Although retail labour may be partly automated as a result of AI adoption, the increase in consumer spending is likely to support moderate demand for retail space, in C&W's view.

It suggests retail occupiers double down on space in prime nodes where consumer spend is flowing, refit their stores to focus on experiential formats, and exit the weakening mid-tier segment.

For investors in retail properties, C&W similarly suggests backing prime destinations and avoiding "generic boxes" or less differentiated assets.

"Retail investment outcomes are shaped more by supply constraints and consumer income than by AI-driven labour effects," the firm notes. It points out that differentiation by format and tenant mix is critical.

In Apac specifically, it predicts that the wide range of wealth effects within the region will boost retail property performance in affluent, tech-forward countries, while those with lower rates of AI adoption may lag behind.

Downside scenarios: AI bust or labour displacement

The study models four distinct scenarios reflecting different paths for AI adoption, productivity and labour market outcomes.

Besides the base case, which C&W says has the highest likelihood (50% probability) of occurring, it also explores the upside scenario — of productivity-led expansion with rapid AI adoption (15% probability) — and two possible downside scenarios.

AI impact: Vacancy rate by property sector, in each of the four scenarios

Source: Cushman & Wakefield, 'AI Impact on CRE: The Next 10 Years'

The "AI Bust" or "Moderate Recession" case (25% probability) takes place if AI adoption falls short of expectations and contributes to a cyclical downturn.

This downside scenario draws from the dot-com experience, when a transformative technology ultimately delivered economic gains in the long run, but only after a period of overinvestment, firm failures and disruption in the financial markets.

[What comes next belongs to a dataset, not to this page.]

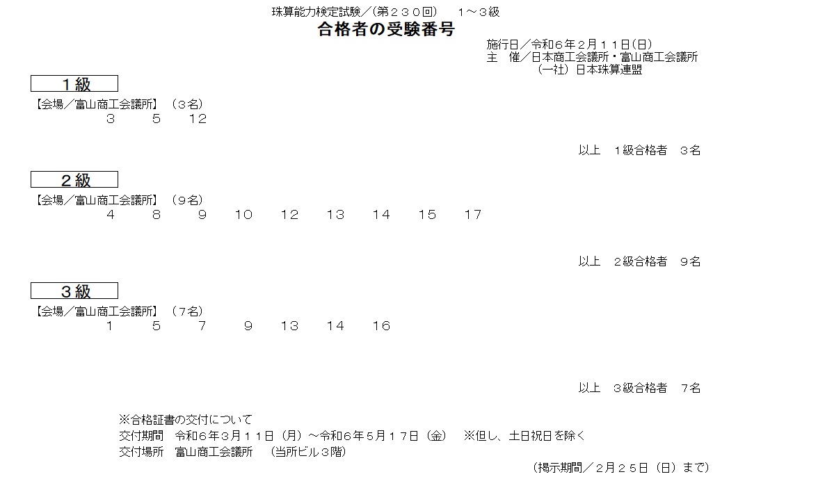 珠算検定1~3級(2/11施行分)合格者番号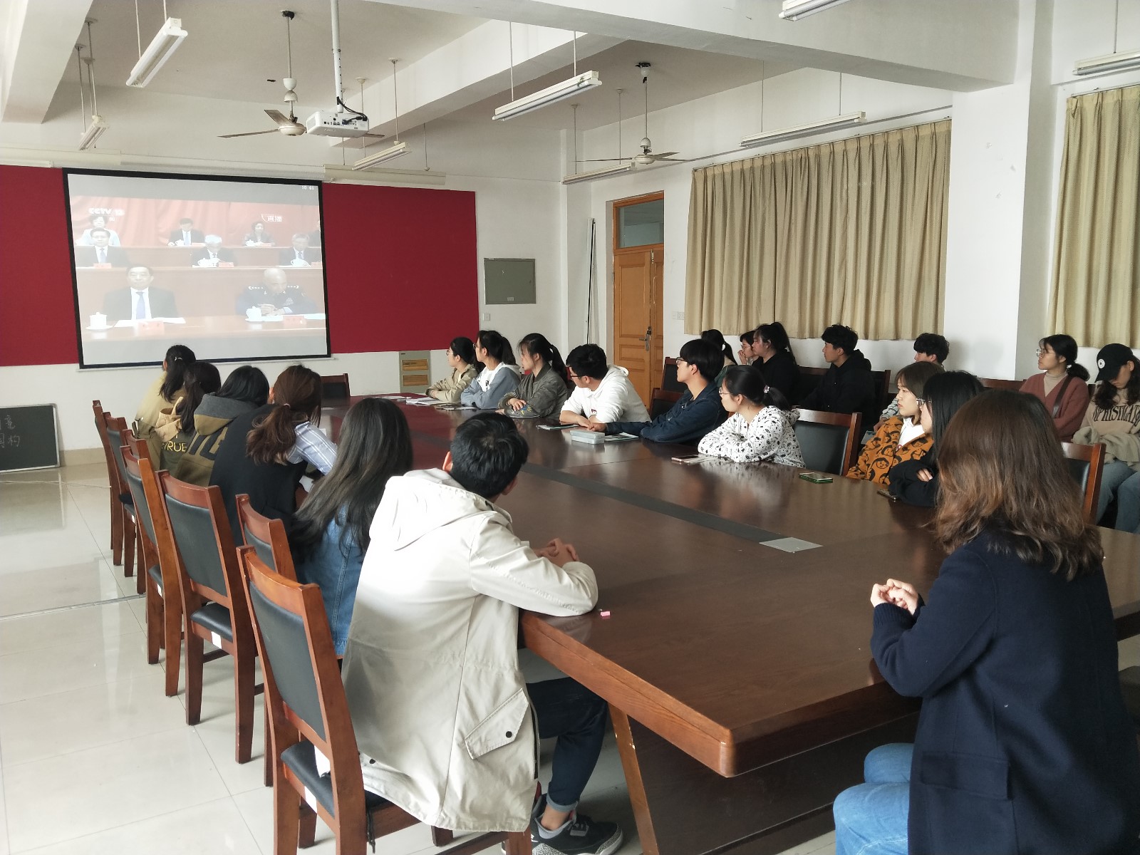 4月30日,学院组织学生干部在文经楼会议室集体观看纪念五四运动一百周年大会直播。大会中习近平总书记指出,五四运动作为一场以先进青年知识分子为先锋、广大人民群众参加的彻底的反帝反封建的伟大爱国革命运动,在近代以来的中华民族追求民族独立的历史进程中具有里程碑意义。同学们表示要铭记历史,注目今朝,珍惜先辈无畏前行带来的和平时代,以认真读书为主要方式践行五四精神,以奋斗拼搏的青春勇担新时代的重托。

In this "AI Bust" scenario, stress in commercial real estate is driven by broader financial conditions and timing — not technology failure.

Real estate demand will weaken in the short run, with higher vacancies and rent pressure, before recovering.

For offices, such a delay in translating AI-driven productivity into occupier demand will be "particularly damaging", C&W says. A substantial growth slowdown will be accompanied by layoffs and prolonged office vacancy.

Vacancies are also expected to rise for retail properties as discretionary spending softens, and for logistics and industrial assets as capital spending pauses. With job and income growth slowing, more multifamily and living assets will be left vacant, too.

Finally, the other downside scenario, "Dystopic/Displacement", has the lowest likelihood (5% probability) of occurring.

In this case, AI adoption substitutes more labour than expected, leading to higher unemployment, and revenue growth lags productivity. Real estate demand remains weak for a more sustained period, with downside pressure on rents and values.

Office demand will likely be the hardest hit here, with muted spillovers in other sectors.